§ Excerpted records:
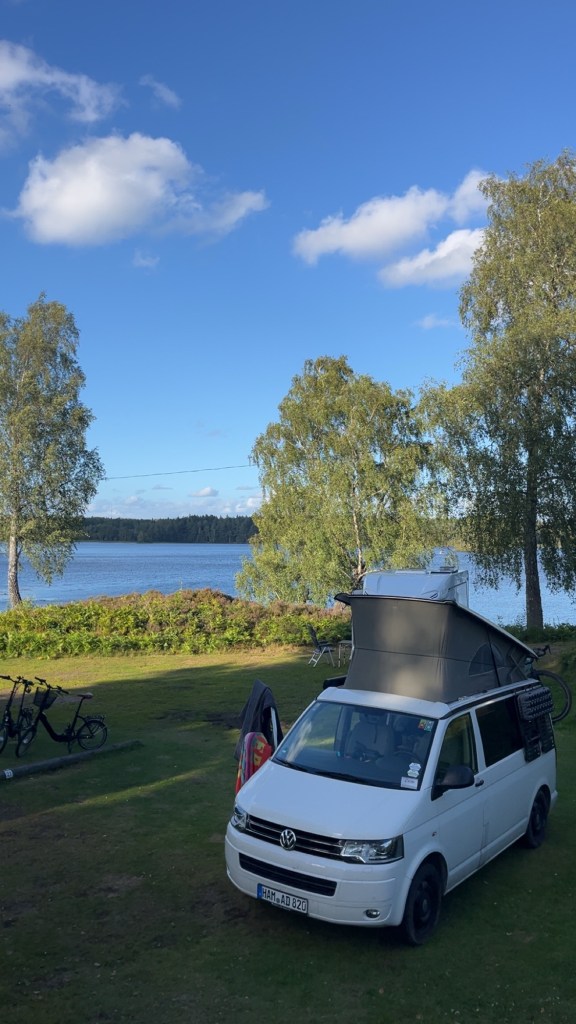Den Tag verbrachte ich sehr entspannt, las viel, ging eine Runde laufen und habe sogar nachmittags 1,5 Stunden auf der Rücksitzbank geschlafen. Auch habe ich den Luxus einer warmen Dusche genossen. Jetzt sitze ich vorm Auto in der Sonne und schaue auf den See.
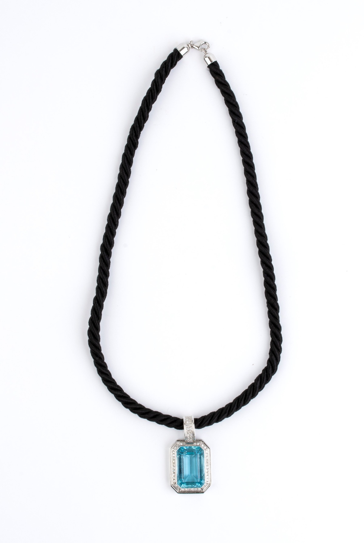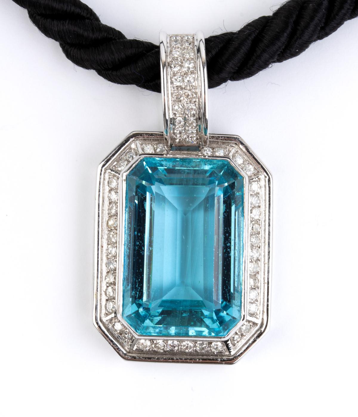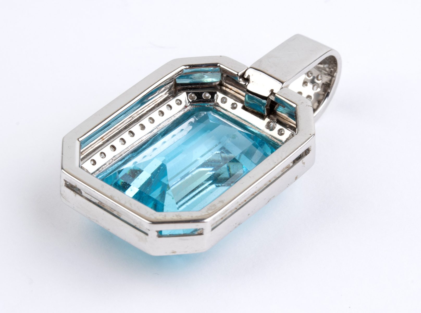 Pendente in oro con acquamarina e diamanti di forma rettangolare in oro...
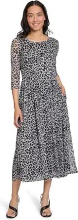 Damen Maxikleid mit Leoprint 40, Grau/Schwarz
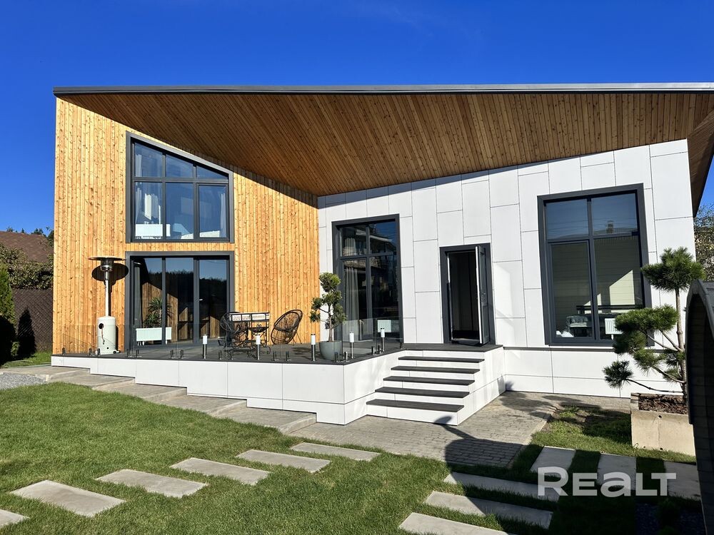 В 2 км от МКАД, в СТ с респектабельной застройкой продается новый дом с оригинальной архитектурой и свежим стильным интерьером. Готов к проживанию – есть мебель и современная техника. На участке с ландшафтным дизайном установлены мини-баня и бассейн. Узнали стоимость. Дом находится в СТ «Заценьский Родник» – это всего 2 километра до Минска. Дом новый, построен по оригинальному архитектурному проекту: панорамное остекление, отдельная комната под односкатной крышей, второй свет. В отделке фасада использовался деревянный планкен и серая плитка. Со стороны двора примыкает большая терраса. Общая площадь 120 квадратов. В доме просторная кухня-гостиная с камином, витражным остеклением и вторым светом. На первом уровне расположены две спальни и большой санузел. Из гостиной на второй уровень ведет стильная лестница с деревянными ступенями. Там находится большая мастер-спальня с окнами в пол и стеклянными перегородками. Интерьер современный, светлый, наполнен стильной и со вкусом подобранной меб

--

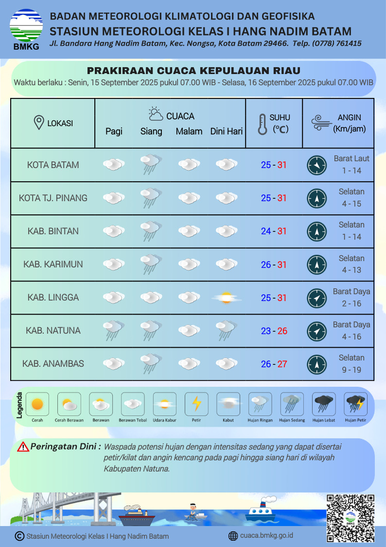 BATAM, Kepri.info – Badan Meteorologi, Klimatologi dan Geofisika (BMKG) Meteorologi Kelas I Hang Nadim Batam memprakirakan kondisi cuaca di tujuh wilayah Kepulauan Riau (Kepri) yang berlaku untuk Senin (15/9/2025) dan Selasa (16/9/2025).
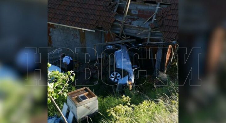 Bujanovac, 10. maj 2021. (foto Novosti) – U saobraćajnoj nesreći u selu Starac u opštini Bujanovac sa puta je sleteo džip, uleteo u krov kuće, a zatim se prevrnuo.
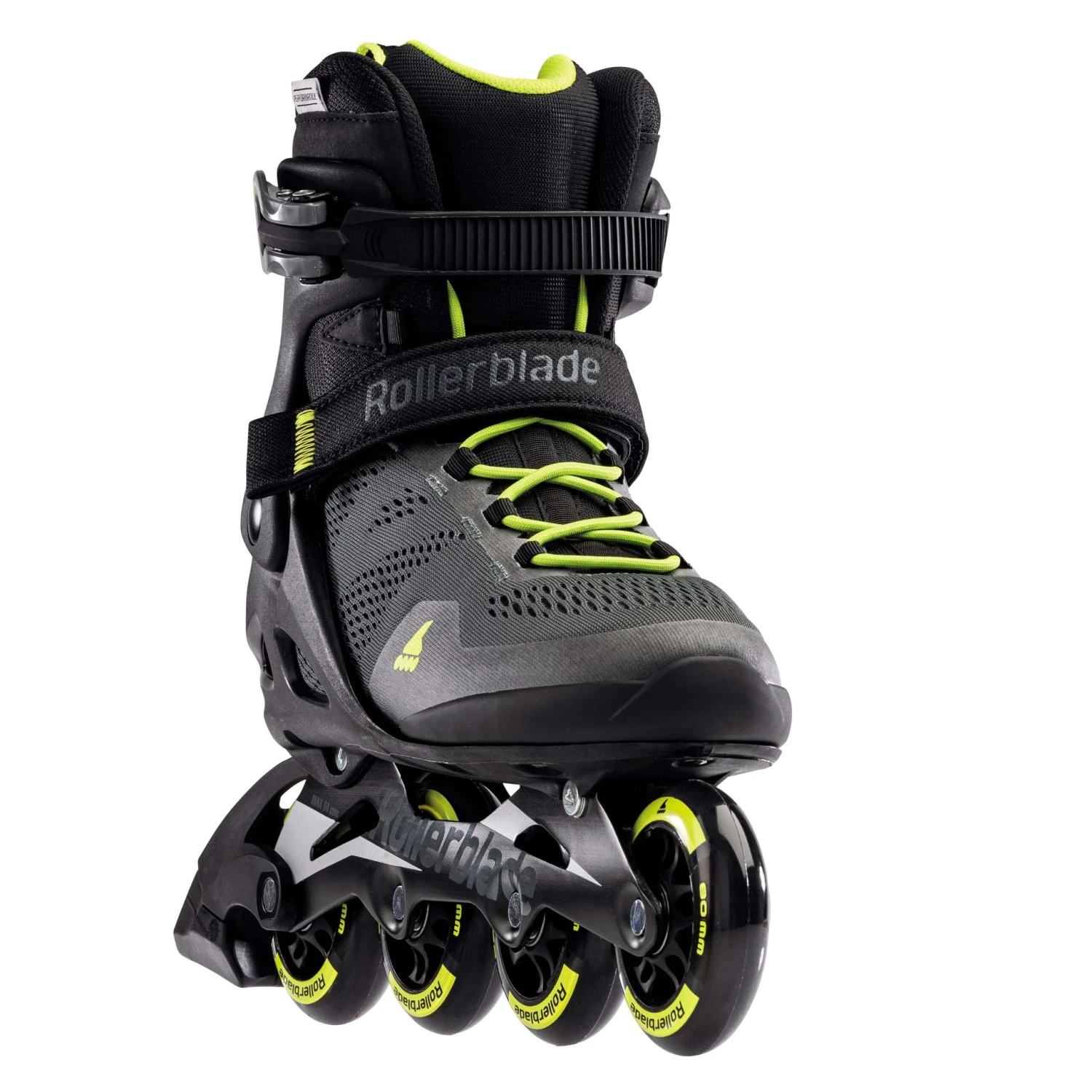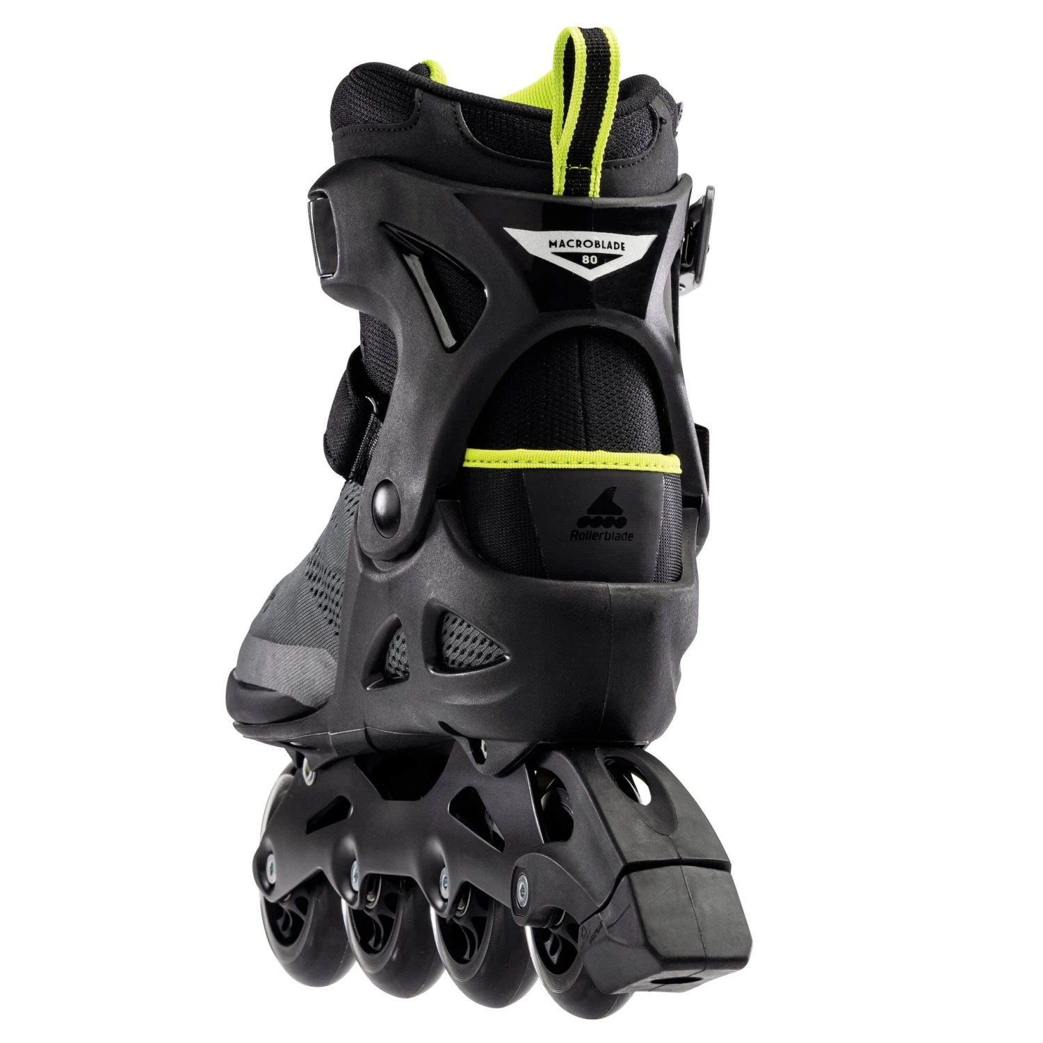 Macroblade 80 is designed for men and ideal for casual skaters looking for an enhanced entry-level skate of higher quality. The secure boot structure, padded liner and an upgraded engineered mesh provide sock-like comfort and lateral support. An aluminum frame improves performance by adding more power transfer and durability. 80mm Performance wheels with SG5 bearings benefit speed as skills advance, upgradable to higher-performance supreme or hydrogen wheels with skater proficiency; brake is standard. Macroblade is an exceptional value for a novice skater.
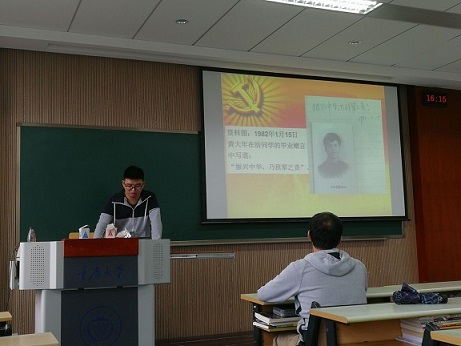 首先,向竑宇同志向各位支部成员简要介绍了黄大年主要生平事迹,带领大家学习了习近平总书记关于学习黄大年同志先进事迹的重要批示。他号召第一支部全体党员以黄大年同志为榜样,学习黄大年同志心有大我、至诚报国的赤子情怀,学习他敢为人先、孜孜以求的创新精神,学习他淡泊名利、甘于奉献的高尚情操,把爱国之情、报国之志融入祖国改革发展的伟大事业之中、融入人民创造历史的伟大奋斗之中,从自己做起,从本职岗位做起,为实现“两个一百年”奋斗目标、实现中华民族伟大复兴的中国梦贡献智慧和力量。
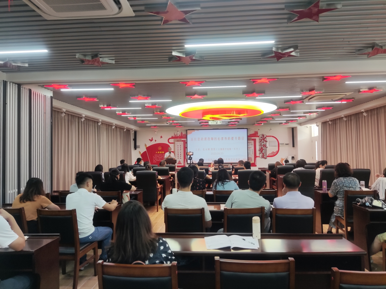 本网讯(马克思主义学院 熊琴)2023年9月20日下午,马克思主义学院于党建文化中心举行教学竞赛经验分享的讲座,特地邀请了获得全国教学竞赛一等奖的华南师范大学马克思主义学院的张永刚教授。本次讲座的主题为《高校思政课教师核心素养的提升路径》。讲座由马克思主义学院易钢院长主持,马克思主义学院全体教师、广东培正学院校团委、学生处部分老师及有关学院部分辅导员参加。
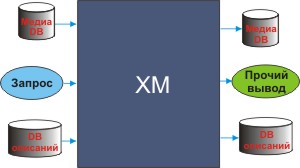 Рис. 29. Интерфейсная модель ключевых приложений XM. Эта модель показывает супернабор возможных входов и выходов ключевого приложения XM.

§ Problem to solve: Drop the pictures; return the lines above from the line containing "本网讯(马克思主义学院 熊琴" to the line containing "Рис. 29. Интерфейсная", both included, exactly.

§ Reply:
 本网讯(马克思主义学院 熊琴)2023年9月20日下午,马克思主义学院于党建文化中心举行教学竞赛经验分享的讲座,特地邀请了获得全国教学竞赛一等奖的华南师范大学马克思主义学院的张永刚教授。本次讲座的主题为《高校思政课教师核心素养的提升路径》。讲座由马克思主义学院易钢院长主持,马克思主义学院全体教师、广东培正学院校团委、学生处部分老师及有关学院部分辅导员参加。
 Рис. 29. Интерфейсная модель ключевых приложений XM. Эта модель показывает супернабор возможных входов и выходов ключевого приложения XM.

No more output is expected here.